**Exercise requirements**
To complete this task, print all the data below exactly but leave out the images.

(Saved data entries)

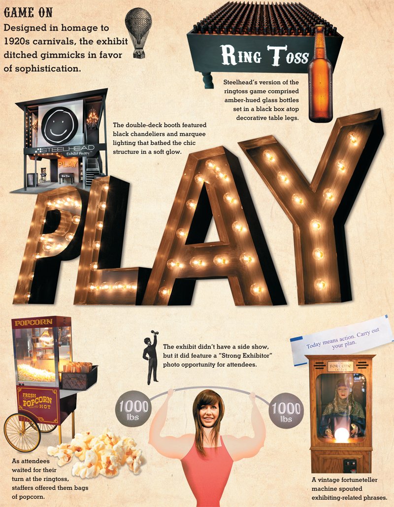Steelhead decided to create an eloquent vintage carnival scene, complete with an old-fashioned ring toss game for prizes that included branded wooden yo-yos, Bluetooth speakers, and novelty glasses. The upper level of the exhibit included a fortune-teller (anyone remember the movie “Big”)?
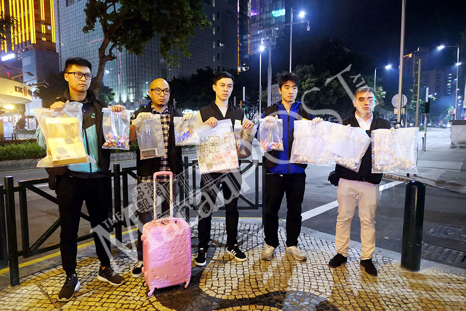Judiciary Police (PJ) officers display items outside Hotel Metropole on Monday night seized from the two drug-smuggling suspects.Photo: Iong Tat Choi
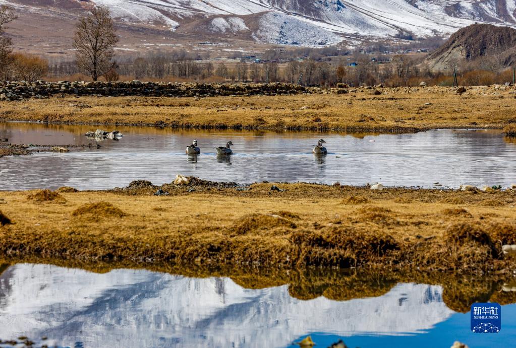 在拉薩市林周縣的濕地里休憩的斑頭雁(3月1日攝)。
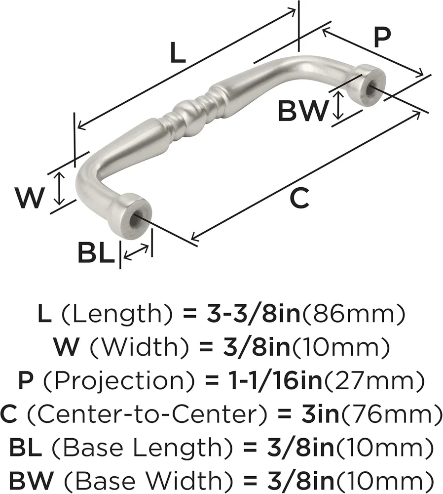 Projection Distance: 1.13 Inches Brand: Does not apply Color: Satin Nickel Theme: Traditional Item model number: BP53006G10 Country of Origin: China Hand Orientation: Ambidextrous Part Number: BP53006G10 Center To Center Spacing: 3 Inches Exterior Finish: Nickel Metal Type: Zinc Voltage: 120 Volts Special Feature: Easy to Install Room Type: Kitchen Manufacturer: Corp Size: 1 Count (Pack of 1) Batteries Required?: No Special Features: Easy to Install Style Traditional: Handle Type Pull Handle Material: Metal Number Of Pieces: 1 Unit Count: 1.0 Count Type: Does not apply Warranty Description: Please visit http://www..com/Support/Customer-Support#warranty fo Is Discontinued By Manufacturer: No Batteries Included?: No Item Weight: 1.31 ounces Handle Material: Aluminum gtin13: 313113838805 Finish: Satin Nickel Item Package Quantity: 1 Global Trade Identification Number: 00026634150775 Item Depth: 1 inch Shape Arch & Bow: Finish Type Satin Nickel UPC: 313113838805 Product Dimensions: 3.38"L x 0.38"W Specific Uses For Product: Cabinets, Drawer Number of Items: 1 Included Components: Screw Package Type: [INF] Box
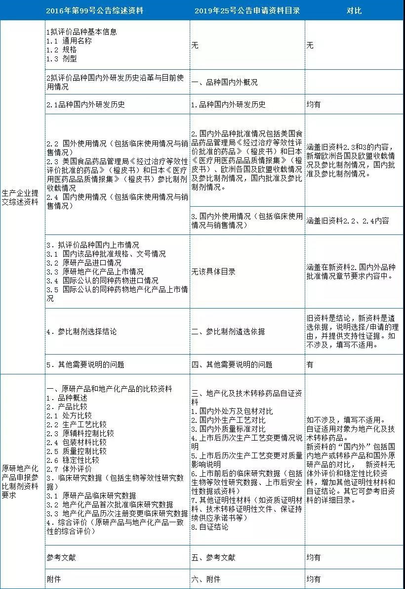 “2019年第25號”公告中的申請資料目錄更為精簡,適用對象包括生產(chǎn)企業(yè)、行業(yè)協(xié)會和自證企業(yè),主要區(qū)別在于國內(nèi)外品種批準(zhǔn)情況和自證資料。在新公告中,國內(nèi)外品種批準(zhǔn)情況包括國內(nèi)批準(zhǔn)情況(可同舊資料3)和國內(nèi)參比制劑情況(新增,包括國家已公布和其它企業(yè)申報公示和藥監(jiān)局發(fā)布情況等),以及美國、日本橙皮書和歐洲各國收載及參比制劑情況(主要針對原研和國際公認(rèn)同種藥物)。最新公告申請資料中的自證資料還含新增技術(shù)轉(zhuǎn)移藥品。
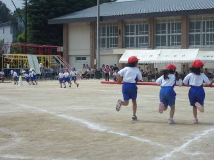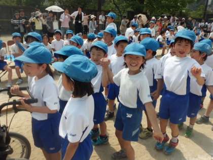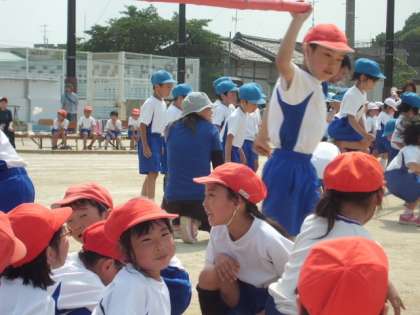 1年生と一緒に取り組んだ団体競技。練習で確かめた通り,ルールを守って取り組めました。みんなで声を掛け合い,協力して取り組むことの大切さに気付くことができました。1年生とも少し仲よくなれたかな?!
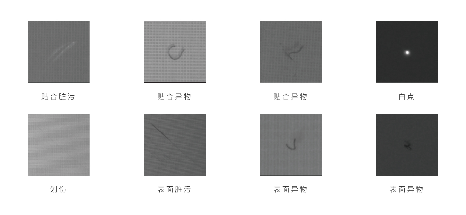 脏污、气泡、白点、划伤、异物、贴合偏移等
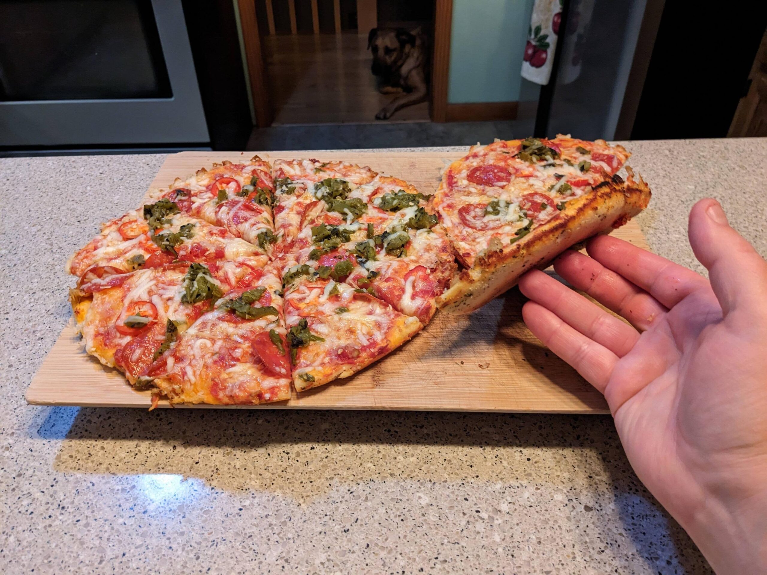 00 Flour, apid yeast, ‘raw’ crushed tomato sauce, ripened jalapeños from our garden, roasted/peeled/diced hot hatch chilies. 8 minutes on medium burner, topped, then finished in the oven on top rack with broil on high. Just enough burn, no hot sauce required.
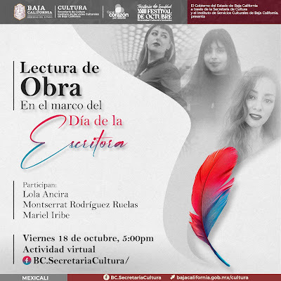 Hoy, a las 6 p.m., estaremos leyendo (en un evento virtual) Mariel Iribe Zenil, Montserrat Rodríguez Ruelas y yo en el marco del #DíaDeLaEscritora, mil gracias a nuestra querida Elma Correa por la invitación.
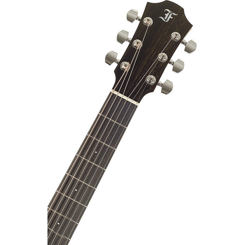 Верхняя дека выполнена из массива ситхинской ели. Нижняя дека и обечайка - из массива африканского красного дерева. Нижняя дека выпуклая, без пружин, что дает дополнительный резонанс. Комбинация древесины, конструктивные особенности, окантовка корпуса из имитации черепахового панциря, контрасный черно-белый пурфинг, розетка из ореха, глянцевое покрытие, все это придает инструменту не только стильный внешний вид, но и прекрасное насыщенное звучание по всему диапазону.
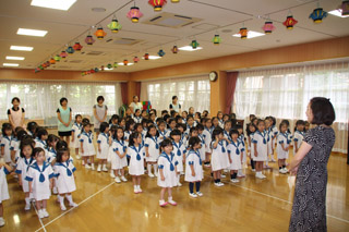 副園長先生から「けがや病気をしないように、また、早寝早起き、好き嫌いなくしっかり食事をするなど、夏休みも健康に過ごしましょう。」と話がありました。 |
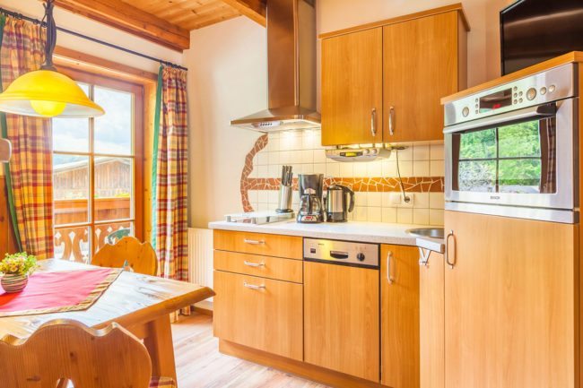 Gemütlich und heimelig präsentiert sich die Ferienwohnung “Linde” am Erbhof Hacklbauer mit zwei getrennten Schlafzimmern, einer komplett eingerichteten Küche, der separaten Dusche mit WC und Balkon. Die eigene Wärmekabine wird besonders gerne an kalten Tagen genutzt.
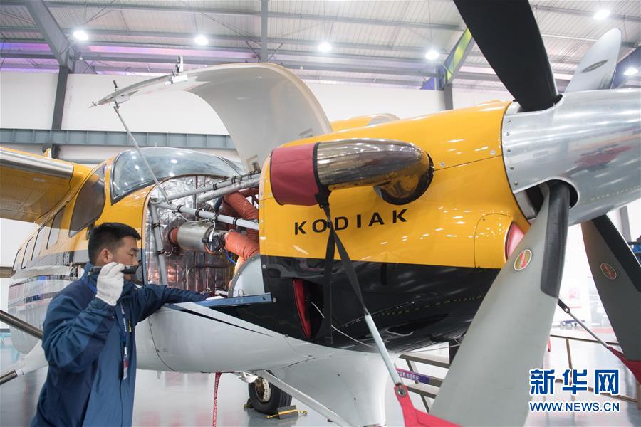 12月20日,在建德市航空小鎮(zhèn),工作人員對(duì)一架大棕熊100系列飛機(jī)進(jìn)行日常維護(hù)。 當(dāng)日,浙江省建德市航空小鎮(zhèn)通航制造板塊首架飛機(jī)下線交付。此次下線交付的大棕熊100系列Ⅱ飛機(jī)由美國(guó)Quest飛機(jī)制造公司出品,有望在通用航空領(lǐng)域發(fā)揮作用。建德市自2016年開(kāi)始航空小鎮(zhèn)創(chuàng)建,2017年被列入全國(guó)第二批特色小鎮(zhèn)名單。 新華社記者翁忻旸攝

**Written answer**
Steelhead decided to create an eloquent vintage carnival scene, complete with an old-fashioned ring toss game for prizes that included branded wooden yo-yos, Bluetooth speakers, and novelty glasses. The upper level of the exhibit included a fortune-teller (anyone remember the movie “Big”)?
Judiciary Police (PJ) officers display items outside Hotel Metropole on Monday night seized from the two drug-smuggling suspects.Photo: Iong Tat Choi
 在拉薩市林周縣的濕地里休憩的斑頭雁(3月1日攝)。
 Projection Distance: 1.13 Inches Brand: Does not apply Color: Satin Nickel Theme: Traditional Item model number: BP53006G10 Country of Origin: China Hand Orientation: Ambidextrous Part Number: BP53006G10 Center To Center Spacing: 3 Inches Exterior Finish: Nickel Metal Type: Zinc Voltage: 120 Volts Special Feature: Easy to Install Room Type: Kitchen Manufacturer: Corp Size: 1 Count (Pack of 1) Batteries Required?: No Special Features: Easy to Install Style Traditional: Handle Type Pull Handle Material: Metal Number Of Pieces: 1 Unit Count: 1.0 Count Type: Does not apply Warranty Description: Please visit http://www..com/Support/Customer-Support#warranty fo Is Discontinued By Manufacturer: No Batteries Included?: No Item Weight: 1.31 ounces Handle Material: Aluminum gtin13: 313113838805 Finish: Satin Nickel Item Package Quantity: 1 Global Trade Identification Number: 00026634150775 Item Depth: 1 inch Shape Arch & Bow: Finish Type Satin Nickel UPC: 313113838805 Product Dimensions: 3.38"L x 0.38"W Specific Uses For Product: Cabinets, Drawer Number of Items: 1 Included Components: Screw Package Type: [INF] Box
 “2019年第25號”公告中的申請資料目錄更為精簡,適用對象包括生產(chǎn)企業(yè)、行業(yè)協(xié)會和自證企業(yè),主要區(qū)別在于國內(nèi)外品種批準(zhǔn)情況和自證資料。在新公告中,國內(nèi)外品種批準(zhǔn)情況包括國內(nèi)批準(zhǔn)情況(可同舊資料3)和國內(nèi)參比制劑情況(新增,包括國家已公布和其它企業(yè)申報公示和藥監(jiān)局發(fā)布情況等),以及美國、日本橙皮書和歐洲各國收載及參比制劑情況(主要針對原研和國際公認(rèn)同種藥物)。最新公告申請資料中的自證資料還含新增技術(shù)轉(zhuǎn)移藥品。
 1年生と一緒に取り組んだ団体競技。練習で確かめた通り,ルールを守って取り組めました。みんなで声を掛け合い,協力して取り組むことの大切さに気付くことができました。1年生とも少し仲よくなれたかな?!
 脏污、气泡、白点、划伤、异物、贴合偏移等
 00 Flour, apid yeast, ‘raw’ crushed tomato sauce, ripened jalapeños from our garden, roasted/peeled/diced hot hatch chilies. 8 minutes on medium burner, topped, then finished in the oven on top rack with broil on high. Just enough burn, no hot sauce required.
 Hoy, a las 6 p.m., estaremos leyendo (en un evento virtual) Mariel Iribe Zenil, Montserrat Rodríguez Ruelas y yo en el marco del #DíaDeLaEscritora, mil gracias a nuestra querida Elma Correa por la invitación.
 Верхняя дека выполнена из массива ситхинской ели. Нижняя дека и обечайка - из массива африканского красного дерева. Нижняя дека выпуклая, без пружин, что дает дополнительный резонанс. Комбинация древесины, конструктивные особенности, окантовка корпуса из имитации черепахового панциря, контрасный черно-белый пурфинг, розетка из ореха, глянцевое покрытие, все это придает инструменту не только стильный внешний вид, но и прекрасное насыщенное звучание по всему диапазону.
 副園長先生から「けがや病気をしないように、また、早寝早起き、好き嫌いなくしっかり食事をするなど、夏休みも健康に過ごしましょう。」と話がありました。 |
 Gemütlich und heimelig präsentiert sich die Ferienwohnung “Linde” am Erbhof Hacklbauer mit zwei getrennten Schlafzimmern, einer komplett eingerichteten Küche, der separaten Dusche mit WC und Balkon. Die eigene Wärmekabine wird besonders gerne an kalten Tagen genutzt.
 12月20日,在建德市航空小鎮(zhèn),工作人員對(duì)一架大棕熊100系列飛機(jī)進(jìn)行日常維護(hù)。 當(dāng)日,浙江省建德市航空小鎮(zhèn)通航制造板塊首架飛機(jī)下線交付。此次下線交付的大棕熊100系列Ⅱ飛機(jī)由美國(guó)Quest飛機(jī)制造公司出品,有望在通用航空領(lǐng)域發(fā)揮作用。建德市自2016年開(kāi)始航空小鎮(zhèn)創(chuàng)建,2017年被列入全國(guó)第二批特色小鎮(zhèn)名單。 新華社記者翁忻旸攝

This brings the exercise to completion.